January / February 2020

Editor's Page

Stout Schooner, Fleeting Opportunity

When I showed Eric Graves the cover image for this issue, asking him to identify the lone shipwright in the photo, he said, “That’s David Thorpe. One man on a 5"-thick garboard. Everyone else must have passed out and fallen over.” Eric is the vice president of Bristol Marine in Boothbay Harbor, Maine, the yard that painstakingly rebuilt the hull of the legendary schooner ERNESTINA-MORRISSEY; the yard is poised, at this writing, to complete her restoration. Eric’s tongue-in-cheek addition to his response to my question was a nod to the sheer physical demands of the work of big-timber, sawn-frame construction.

To put this into perspective: the plank in the cover photo, whose butt end David is clamping, is about 30' long. It is of white oak and, by my rough calculation (and confirmed by Eric), it weighs more than 550 lbs. As David O’Reilly writes in his article on the ERNESTINA-MORRISSEY project beginning on page 56, when a limber plank emerged from the steambox and was carried to the boat, “all hands would then press the plank roughly into place, as close to the butt joint as possible, and then someone would prepare to pound the far end with a beetle, or wooden mallet, to drive the butt end tight.” Four or five people would then be required to clamp the plank in place, in advance of fastening. David Thorpe, no doubt, has a crew of colleagues standing just out of view.

Such construction is a relative rarity these days. It involves heavy components that simply can’t be lifted by a single person. Good planning and teamwork are imperative. That’s why it’s rather remarkable that there are no fewer than four sawn-frame vessels featured in this issue. In addition to ERNESTINA-MORRISSEY, they are: the recently relaunched sardine carrier WM. UNDERWOOD (page 78), the new Dutch eel barge KORNELISKE YKES II (page 22), and the rebuilt schooner MARY E (page 36). The latter three are smaller than ERNESTINA, but all require specialized skill and tools—especially in framing.
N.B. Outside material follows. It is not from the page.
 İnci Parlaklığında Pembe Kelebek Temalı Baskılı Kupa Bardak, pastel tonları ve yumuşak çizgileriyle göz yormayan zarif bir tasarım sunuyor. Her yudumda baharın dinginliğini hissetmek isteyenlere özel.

We did not choose these boats to deliberately create a theme issue on sawn frames. Rather, we chose them for the timeliness of their stories, and were delighted and surprised at the confluence of big timber that emerged as a result. Interesting things are happening in the world of wooden-vessel construction and, as David O’Reilly illustrates in his sidebar on page 66, young and passionate shipwrights are keeping that flame burning.

As David and I were discussing his article, we both acknowledged the challenge of including too many names in the text, and having this eclipse the narrative and details. But, then, how could we leave anyone out? We were lucky, when trying to balance these two imperatives, to be offered Bob Mitchell’s superb photograph of the ERNESTINA-MORRISSEY building crew on page 66—and to have Eric fill in the names of the absentees.
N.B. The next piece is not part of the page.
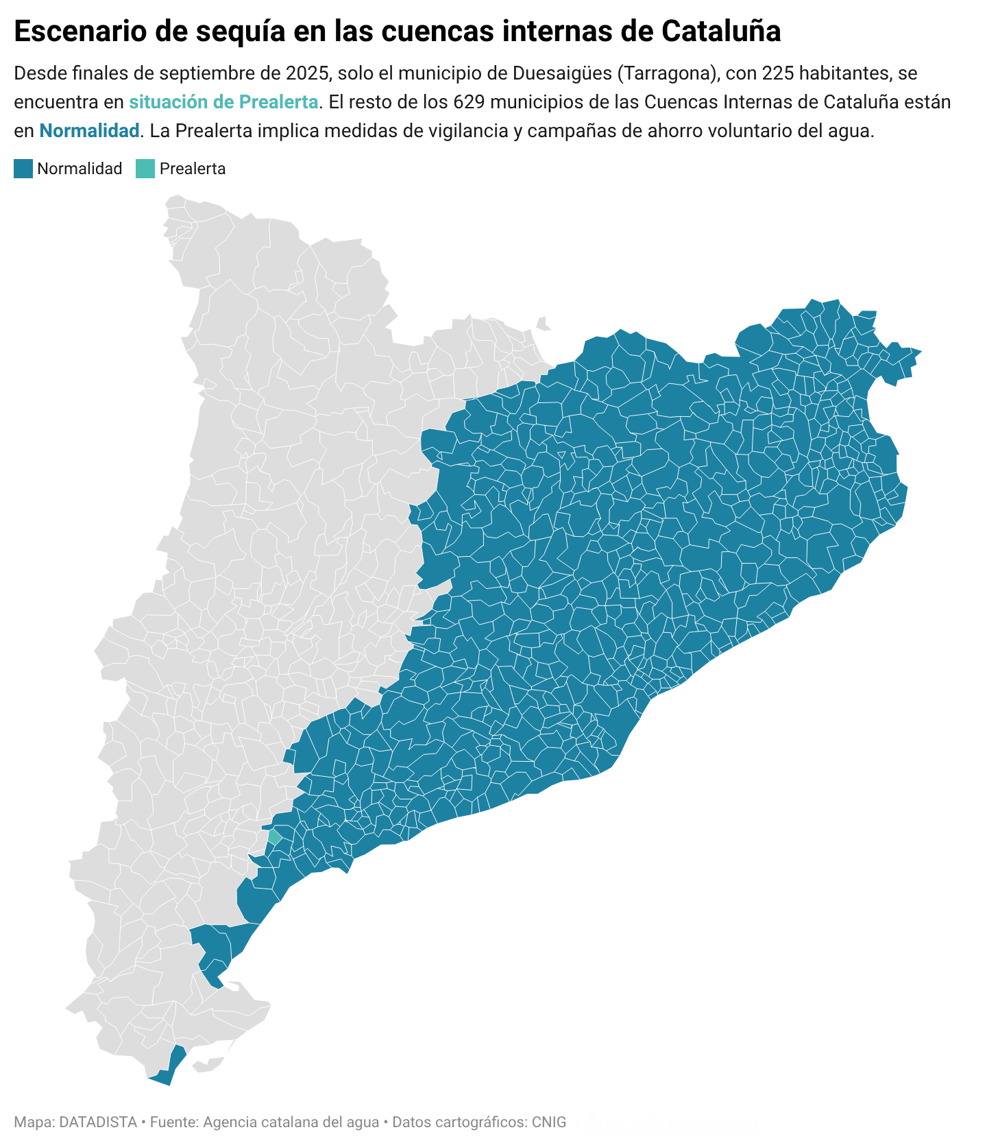 Y este es el escenario actual, desde finales de septiembre de 2025, solo un municipio se encuentra en situación de prealerta, según los últimos datos publicados por la Agencia Catalana del Agua.

The opportunity to record the building of a stout schooner’s hull is fleeting. Crews scatter. Memories fade. Sea stories eclipse the construction. We feel honored and lucky to have captured this moment in ERNESTINA’s incredible history (see, also, WB Nos 270 and 271), and to have presented a portrait of the people who extended her remarkable career. As Eric told me, “None of this happens without a dedicated team. They all deserve recognition.”

Matt Murphy

Editor of WoodenBoat Magazine

Page 22

Eels to England

by Nic Compton

It was an undoubtedly historic event: the first Dutch barge to sail up the River Thames to London with a cargo of eels for more than 80 years. The boat’s volunteer crew had worked for more than a year, raised more than €25,000 ($27,849), and sailed more than 250 miles to achieve their goal. Only one obstacle now lay between them and their final destination: the majestic Tower Bridge. But London’s iconic monument doesn’t open for just anyone, so Klaas Overzee decided to go straight to the top and write to the Queen.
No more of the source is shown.